Radyoterapinin 3. Haftası gibi başlayıp 6-12 ay süre ile azalarak devam eder. Maalesef tükürük bezleri iyi korunamayan vakalarda kalıcı olabilir.
Ne Yapmalı?
-Çok sık sıvı alın.
-Şekersiz naneli sakız çiğneyerek tükürük miktarını arttırın.
-Yumuşak kolay çiğnenebilen gıdalar tüketin.
-Çok tuzlu baharatlı yiyeceklerde uzak durun.
-Tütün ve tütün mamulleri ve alkol tüketmeyin.

NAZOFARENKS KANSERİNDE KEMOTERAPİ VE HEDEFE YÖNELİK AKILLI İLAÇ TEDAVİSİ

-Kemoterapi tedavisi ağızdan veya damar yoluyla enjekte edilerek kanser ilaçlarının vücuda verilmesidir. Kemoterapi ilaçları kan dolaşımı ile tüm vücuda yayıldığı için olumlu ve olumsuz etkileri vücudun genelinde görülür.
Kemoterapi çoğunlukla radyoterapi ile eş zamanlı olarak uygulanır (kemoradyoterapi). Bazı vakalarda eğer tümör çok büyükse önceden kemoterapi uygulanıp tümör geriledikten sonra radyoterapi ile eş zamanlı devam edilir (neoadjuvan kemoterapi).
Eğer kanser uzak organlara yayıldıysa sadece kemoterapi uygulanabilir. (palyatif kemoterapi)
-Hedefe Yönelik Tedavi – Akıllı İlaçlar, kemoterapi ilaçları vücuttaki tüm hücrelere etki ederken akıllı ilaçlar tümörün belli özelliklerinin üzerinden etki eder. O nedenle yan etkileri daha azdır.
En sık kullanılan akıllı ilaç Setuksimab, epidermal büyüme faktör reseptörünü (EGFR) hedefleyen monoklonal bir antikordur.

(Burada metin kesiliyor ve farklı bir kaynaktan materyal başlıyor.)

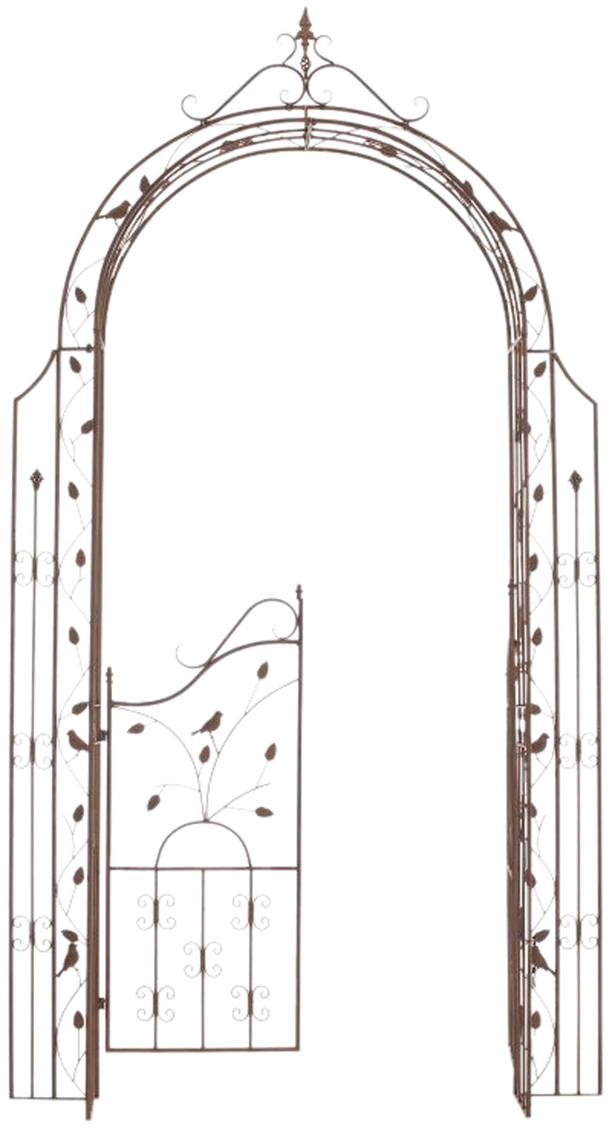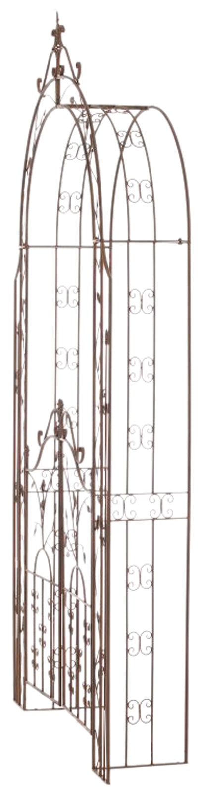 Onze exclusieve tuinboog met poort is liefdevol versierd met vele details en daardoor perfect als klimhulp voor klimop en andere klimplanten. Deze boog, met zijn twee afsluitbare en mooi gedecoreerde poortvleugels, is tevens een opvallende toevoeging aan elke tuin.

Nazofarinks kanseri olan hücrede bazen büyümeyi hızlandırabilecek kadar çok sayıda EGFR bulunur. Setuksimab EGFR’deki hızlı büyümeyi yavaşlatır veya durdurur. Bu ilaç kemoterapi ve/veya radyoterapi ile birlikte kullanılır.
Nazofarenks Kanserinde İmmünoterapi ağırlıklı olarak metastatik hastalıkta kullanılır. İmmünoterapi ilaçları tümör hücresine direk etki etmez, kanser hücresini ‘’kendi hücresi’’ zanneden immün sisteme ‘’düşman’’ olarak tanıtıp onu yok etmesini sağlar. Etki oranı yüksek, yan etkileri düşüktür.
Pembrolizumab, camrelizumab, toripalimab metastatik nezofarenks kanserinde kullanılabilen immünoterapi ilaçlarıdır.
Nazofarenks Kanserinde Hipertermi Tedavisi, temelinde dokunun 39-44 dereceye kadar ısıtılıp kanser hücrelerinin daha dayanıksız olması nedeni ile daha hızlı ölmesini sağlamaktır. Baş ve boyun kanserleri tedavisi için hipertermi, radyoterapi ile birlikte uygulanabilir. Tümör gerilemesini %20-25 oranında arttırabilir.